Print version ISSN 0104-4230On-line version ISSN 1806-9282

Rev. Assoc. Med. Bras. vol.55 no.1 São Paulo  2009

http://dx.doi.org/10.1590/S0104-42302009000100013 

ARTIGO ORIGINAL

 

Prevalência da doença renal crônica nos estágios 3, 4 e 5 em adultos

 

Prevalence of chronic kidney disease, stages 3, 4 and 5 in adults

 

 

Rita Maria Rodrigues BastosI,*; Marcus Gomes BastosII; Luís Cláudio RibeiroII; Ricardo Villela BastosIII; Maria Teresa Bustamante TeixeiraII

IPrograma de Pós-Graduação em Saúde da Universidade Federal de Juiz de Fora. Juiz de Fora, MG, Brasil
IIUniversidade Federal de Juiz de Fora. Juiz de Fora, MG, Brasil
IIILaboratório Côrtes Villela. Juiz de Fora, MG, Brasil

 

 


RESUMO

INTRODUÇÃO: Medidas que otimizem a detecção precoce da doença renal crônica (DRC) são fundamentais para o retardo na evolução da doença e diminuição do aporte de indivíduos às terapias renais de substituição.
OBJETIVOS: Estimar a prevalência da DRC em seus estágios 3, 4 e 5, utilizando registros laboratoriais de indivíduos submetidos a dosagem de creatinina sérica por causas diversas em laboratório da rede particular do município de Juiz de Fora, no período de 2004 e 2005.
MÉTODOS: O estudo foi consubstanciado pelo cálculo estimado da filtração glomerular, utilizando a equação do estudo MDRD (Modification of diet in renal disease), e seguiu os critérios propostos pelo K/DOQI (Kidney Disease Outcomes Quality Initiative) para o diagnóstico e classificação da DRC.
RESULTADOS: A prevalência encontrada foi de 9,6%, sendo 12,2% no sexo feminino, 5,8% no sexo masculino, 3,7% em indivíduos abaixo de 60 anos e 25,2% acima de 60 anos.
CONCLUSÃO: Os resultados evidenciam a prevalência da DRC não apenas como um indicador epidemiológico, mas demonstram um aspecto operacional alternativo para otimizar a capacidade de detecção dos casos e permitem sugerir a inclusão do cálculo da filtração glomerular como um dado complementar aos resultados das dosagens de creatinina sérica fornecidos pelos laboratórios.

Unitermos: Doença renal crônica. Filtração glomerular. Prevalência. Diagnóstico precoce.


SUMMARY

INTRODUCTION: Strategies that optimize early diagnosis of chronic kidney disease (CKD) are paramount to decrease progression of the disease and the burden of patients needing renal replacement therapy.
OBJECTIVE: The aim of this study was to determine the prevalence of CKD stage 3, 4 and 5 in people submitted to dosage of serum creatinine due to different causes, employing a dataset from a private laboratory of the city of Juiz de Fora comprising the years 2004 and 2005.
METHODS: Diagnosis and staging of CKD were based upon glomerular filtration rate (GFR) estimated from serum creatinine as recommended by the KDOQI of the National Kidney Foundation and the Brazilian Society of Nephrology.
RESULTS: Prevalence of CKD stage 3, 4 and 5 was of 9.6%, with 12.2%, 5.8%, 25.2% and 3.7% among women, men, people >60 and < 60 years of age, respectively.
CONCLUSION: Prevalence of CKD found in our study may not only be interpreted as an epidemiologic indicator, but also discloses an alternative operational strategy to identify the disease. Furthermore it supports a proposal to include the estimation of GFR from serum creatinine in the laboratory report as an important and simple tool for early diagnosis of CKD.
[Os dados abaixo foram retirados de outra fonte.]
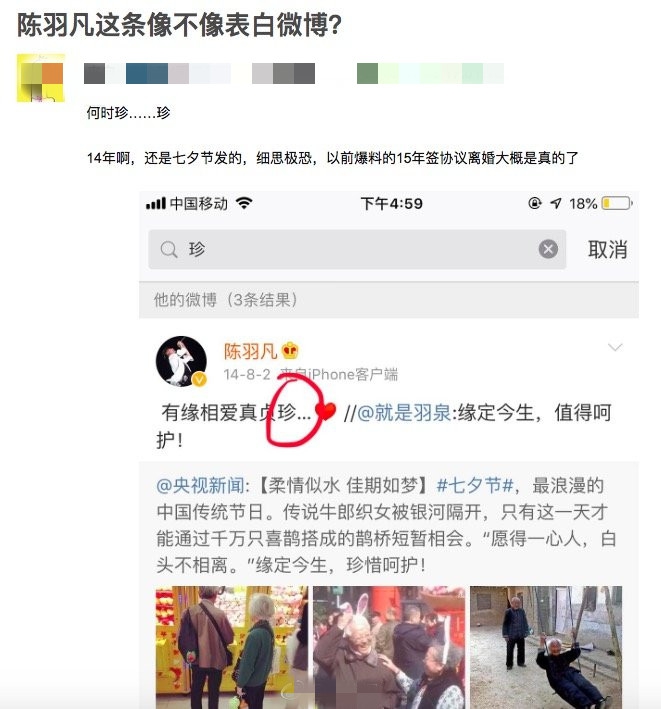 随后,有网友曝出一组陈羽凡与女生合照称是“何某某何时珍和陈羽凡的合影”,其后,有网友发现2014年七夕节陈羽凡发微博“有缘相爱真贞珍”带了女方名字,疑似证实爆料。
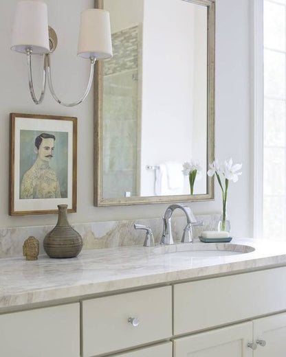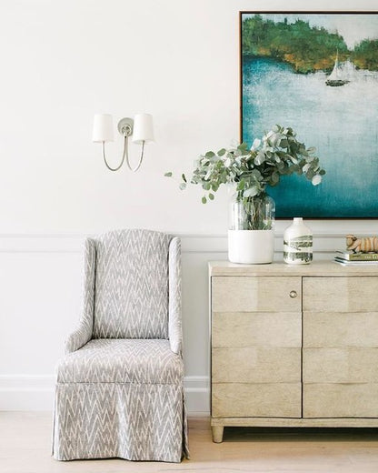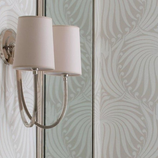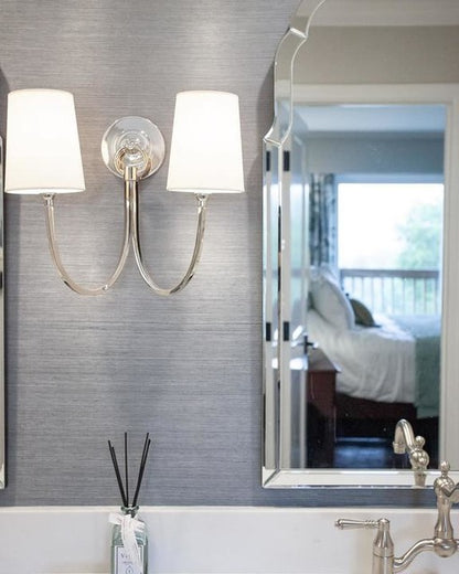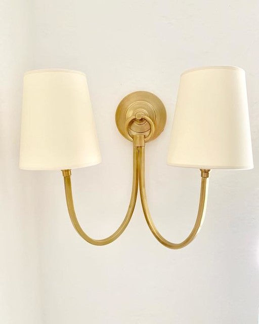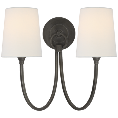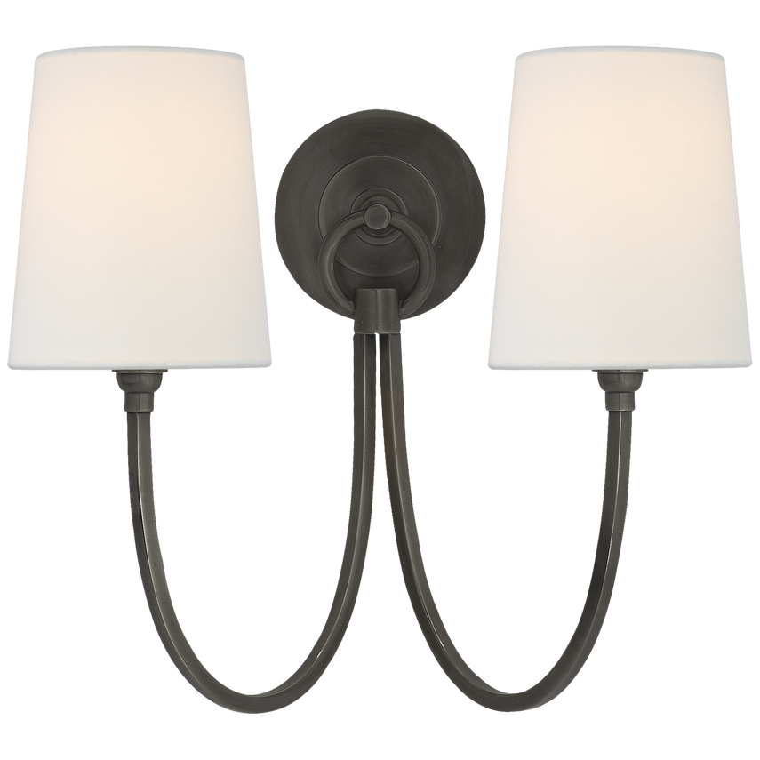 Doppelte Wandleuchte Reed aus Bronze mit Leinenschirmen

Key words: Chronic kidney disease. Glomerular filtration. Prevalence. Early diagnosis.


 

 

Introdução

As alterações no perfil de morbimortalidade da população mundial, ocorrido nas últimas décadas, evidenciaram um aumento das doenças crônico degenerativas e projetaram a doença renal crônica (DRC) no cenário mundial como um dos maiores desafios à saúde pública deste século, com todas as suas implicações econômicas e sociais. O crescimento da população idosa e da prevalência de obesidade levou a um aumento das doenças crônicas, com destaque para o diabetes mellitus e a hipertensão arterial, principais causas de falência renal em todo o mundo1. A vigilância é parte fundamental para conter o aumento da endemia, visto que a expressão clínica das doenças crônicas não transmissíveis, em geral faz-se após longo tempo de exposição aos fatores de risco e da convivência assintomática do indivíduo com a doença não diagnosticada2,3,4 .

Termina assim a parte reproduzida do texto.